DATASET EXCERPTS START

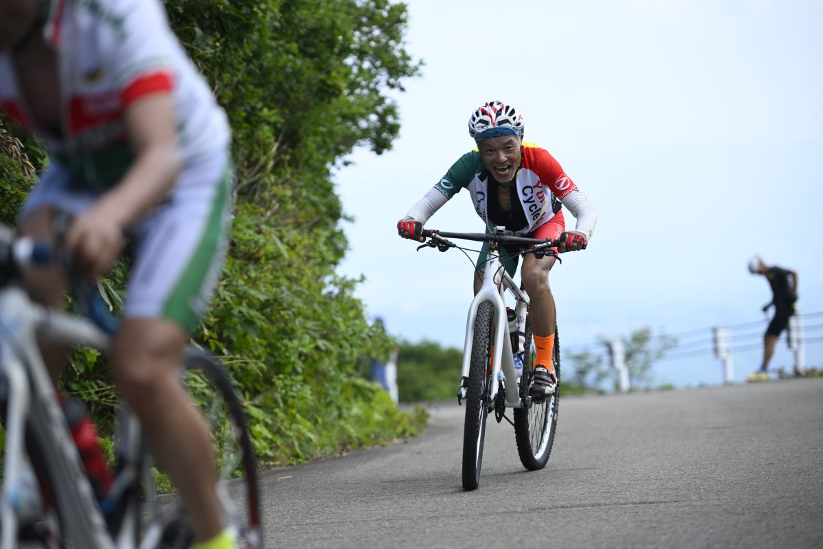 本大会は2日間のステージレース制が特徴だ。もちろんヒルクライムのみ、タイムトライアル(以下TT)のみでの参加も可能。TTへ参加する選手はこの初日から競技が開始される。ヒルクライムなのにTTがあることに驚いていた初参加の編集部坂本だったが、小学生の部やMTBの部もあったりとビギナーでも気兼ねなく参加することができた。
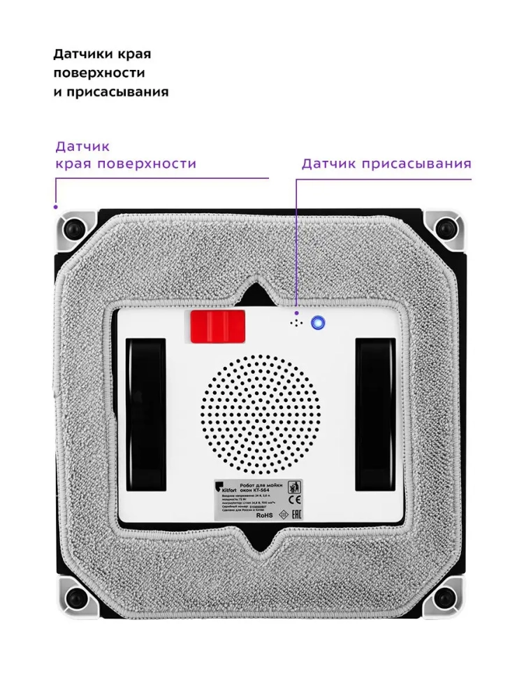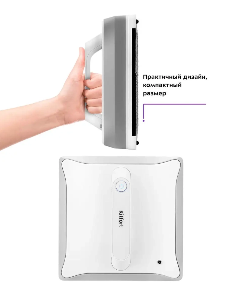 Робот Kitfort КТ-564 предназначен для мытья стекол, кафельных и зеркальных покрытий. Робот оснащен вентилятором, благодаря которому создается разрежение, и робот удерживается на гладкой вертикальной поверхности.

DATASET EXCERPTS END
DATASET EXCERPTS START

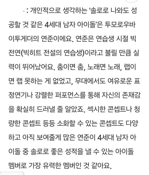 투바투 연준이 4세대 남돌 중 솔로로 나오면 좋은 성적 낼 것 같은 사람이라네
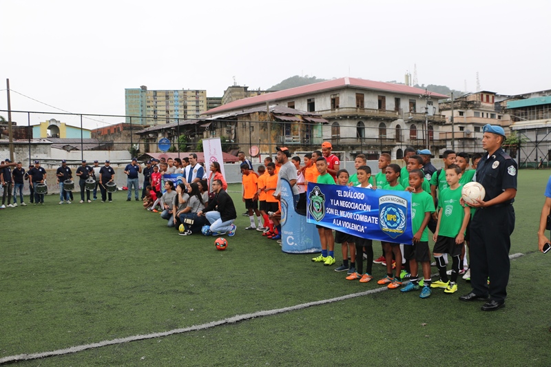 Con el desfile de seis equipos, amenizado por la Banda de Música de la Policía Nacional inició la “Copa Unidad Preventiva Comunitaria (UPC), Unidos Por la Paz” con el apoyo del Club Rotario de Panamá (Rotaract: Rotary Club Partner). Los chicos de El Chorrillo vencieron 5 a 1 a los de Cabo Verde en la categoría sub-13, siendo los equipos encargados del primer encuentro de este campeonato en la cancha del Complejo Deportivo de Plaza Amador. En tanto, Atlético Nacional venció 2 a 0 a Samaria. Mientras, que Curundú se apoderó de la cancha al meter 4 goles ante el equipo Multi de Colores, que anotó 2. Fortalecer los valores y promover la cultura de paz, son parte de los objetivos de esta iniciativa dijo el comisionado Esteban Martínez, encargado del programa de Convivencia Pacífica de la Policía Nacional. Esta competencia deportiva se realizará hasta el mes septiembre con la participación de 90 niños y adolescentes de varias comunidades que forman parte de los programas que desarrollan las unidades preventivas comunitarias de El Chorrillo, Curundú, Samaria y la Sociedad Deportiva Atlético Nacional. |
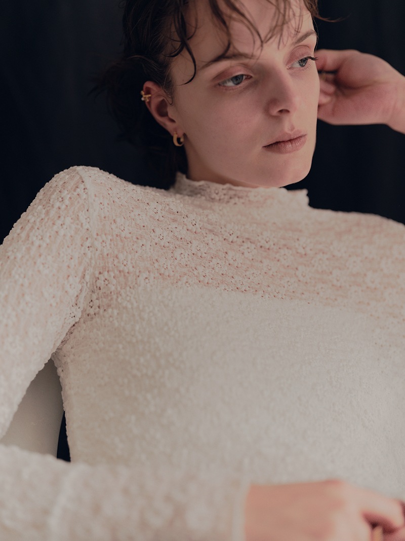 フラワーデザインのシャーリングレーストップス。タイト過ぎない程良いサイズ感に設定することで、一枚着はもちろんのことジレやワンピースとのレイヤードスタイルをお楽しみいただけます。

DATASET EXCERPTS END

● **EXERCISE**
Each line above from the one containing "本大会は2日間のステージレー" through the one containing "Робот Kitfort КТ-564" is to be returned verbatim. Nothing else, and no pictures.

● **ANSWER TO THIS TASK**
 本大会は2日間のステージレース制が特徴だ。もちろんヒルクライムのみ、タイムトライアル(以下TT)のみでの参加も可能。TTへ参加する選手はこの初日から競技が開始される。ヒルクライムなのにTTがあることに驚いていた初参加の編集部坂本だったが、小学生の部やMTBの部もあったりとビギナーでも気兼ねなく参加することができた。
 Робот Kitfort КТ-564 предназначен для мытья стекол, кафельных и зеркальных покрытий. Робот оснащен вентилятором, благодаря которому создается разрежение, и робот удерживается на гладкой вертикальной поверхности.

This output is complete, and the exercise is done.